Fast Chicken Chow Mein (Printable Version)

Cook up chow mein with juicy chicken, crunchy veggies, and yummy noodles in just a bit of time.

# What You'll Need:

01 - 1 lb fresh chow mein noodles
02 - 1 lb boneless chicken thighs, cut into thin strips
03 - 2 cups bean sprouts (mung or soy), rinsed and drained
04 - 2 cups finely shredded cabbage
05 - 1 cup thin-sliced celery
06 - 1 cup carrot sticks
07 - 2 green onions, cut into 1-inch chunks
08 - 2 teaspoons plain cooking oil

→ Noodle Sauce

09 - 2 tablespoons light soy sauce
10 - 1 tablespoon dark soy sauce
11 - 3 tablespoons oyster sauce or veggie stir-fry sauce
12 - 2 tablespoons Shaoxing wine, dry sherry, or chicken broth
13 - 2 teaspoons toasted sesame oil
14 - 1 teaspoon white sugar
15 - ¼ teaspoon pepper (white or black)
16 - 2 teaspoons cornstarch or potato starch
17 - 4 cloves garlic, sliced thin
18 - ½ cup low-salt chicken broth

→ Chicken Marinade

19 - 2 teaspoons light soy sauce
20 - 1 teaspoon cornstarch or potato starch
21 - 2 teaspoons cold water

# Step-by-Step Guide:

01 - Mix the marinade stuff with your sliced chicken and let it sit for 10 minutes.
02 - Mix all the sauce ingredients in a small bowl and put it aside.
03 - Dunk the noodles in very hot water for about 10-15 seconds until they soften up, then drain them well.
04 - Warm up 1 teaspoon (5 ml) of cooking oil in your pan over medium-high heat.
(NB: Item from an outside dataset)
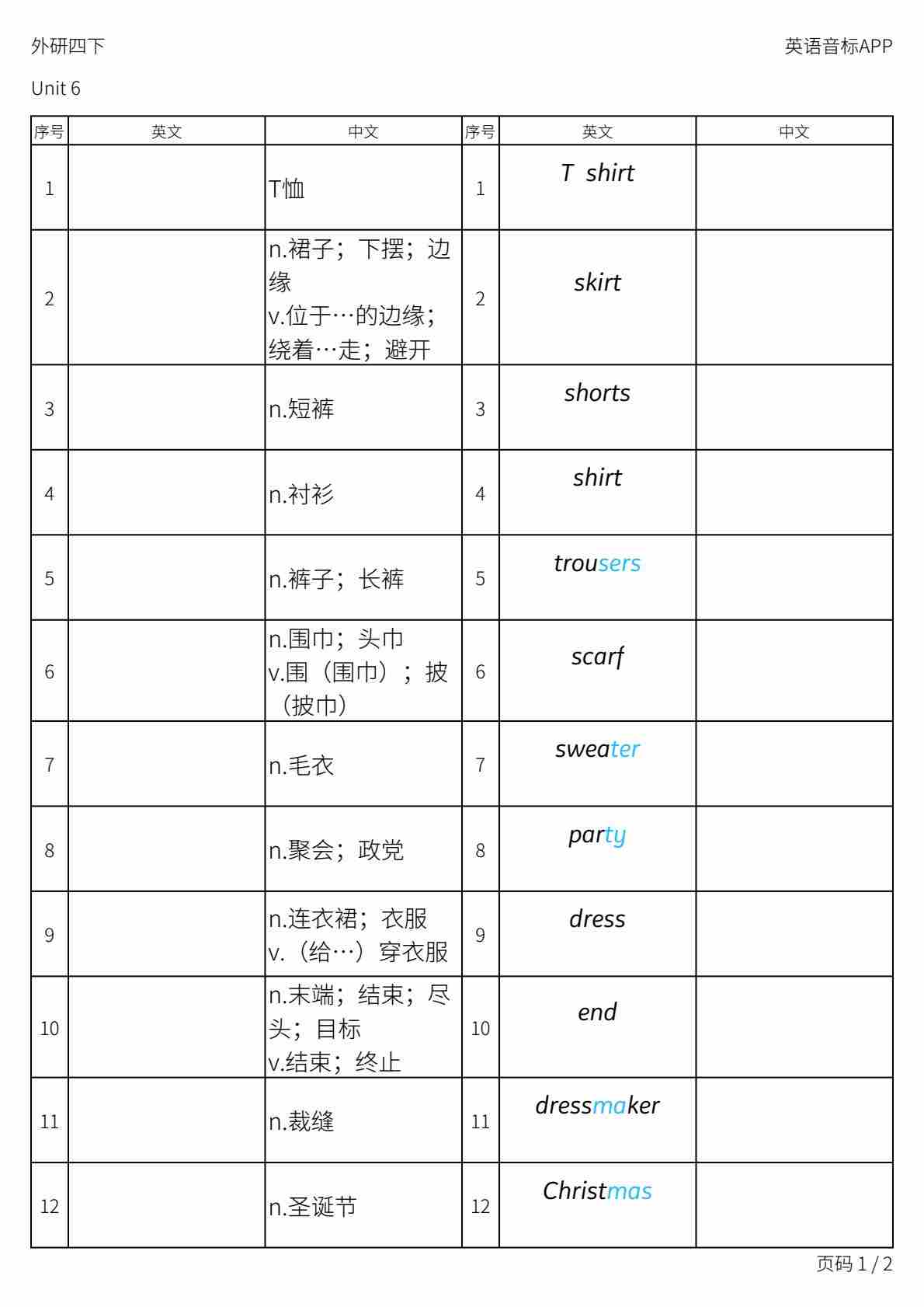 外研版英语四下单词Unit 2
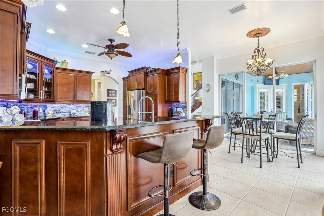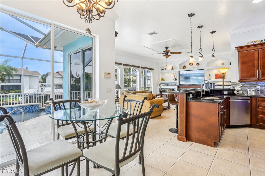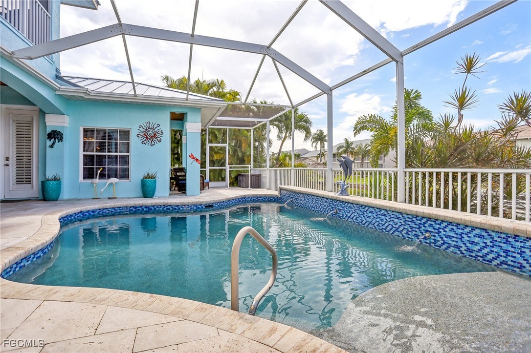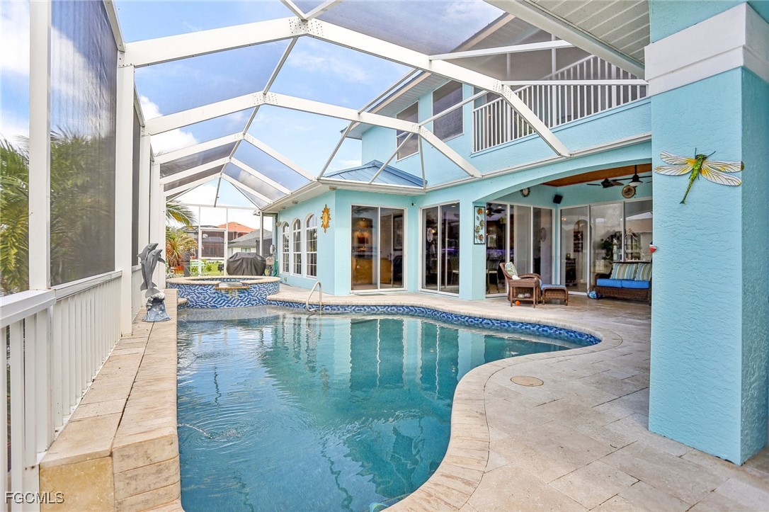 Rare find in Cape Coral ! This Coastal Chic Palatial Custom Built , Fully Furnished, Gulf Access Home boasts over 3,200 sq ft of luxury living ! Southern exposure, custom heated pool with granite spill over spa & travertine pool deck/lanai make this resort-like 2 story gem a must see! Large composite dock with captain's walk and 10,000 lb boat lift with a 25 minute boat ride to the river make this one of the closest canal systems to beaches in the city ! 4 Bedroom plus large office, 4 bath, great room, formal dining room, separate TV room, upstairs games room, 2nd story balcony all provide more room than you'll ever need ! Walk into the grand foyer and marvel at the soaring 20 ft ceilings and palatial staircase that feels more like a luxury hotel than a home ! This home has a huge master bedroom and bath with dual showers, dual vanities, 2 walk in closets & double French doors to lanai. The large custom built kitchen with dual ovens, granite countertops, stainless appliances, 42 inch custom cupboards with dual pantries is every chef's dream ! There is a private 2nd master Poolside Cabana bedroom off the pool & separate from the house. This room has its own bathroom and sliding doors to private sitting area. Custom crown moldings in every room, custom tile throughout, 8 ft doors, 5 sets of 8 ft sliding doors, custom desk in office, real hardwood in upstairs bonus room! Almost everything is new too ! New roof, newer pool equipment and pool refinish, newer dual AC units, newer appliances and freshly painted inside & out! No flooding EVER occurred in this home & minimal damage from hurricane. Get your checklist out & check off ALL the boxes on this rare gem in highly desirous Southwest Cape Coral !

Cook the chicken until it's mostly done.
05 - Throw in the carrots, celery, and cabbage with the chicken. Stir everything around until the veggies get soft. Push everything to one side.
06 - Pour the last teaspoon of oil into the empty spot in your pan. Add your noodles and pour the sauce over them. Mix for about 30 seconds until the noodles get coated.
07 - Toss in your bean sprouts and green onions. Give it all a quick stir for about 10 seconds. It's ready to eat!

# Additional Notes:

01 - Don't soak your noodles too long or they'll turn mushy when you stir-fry them.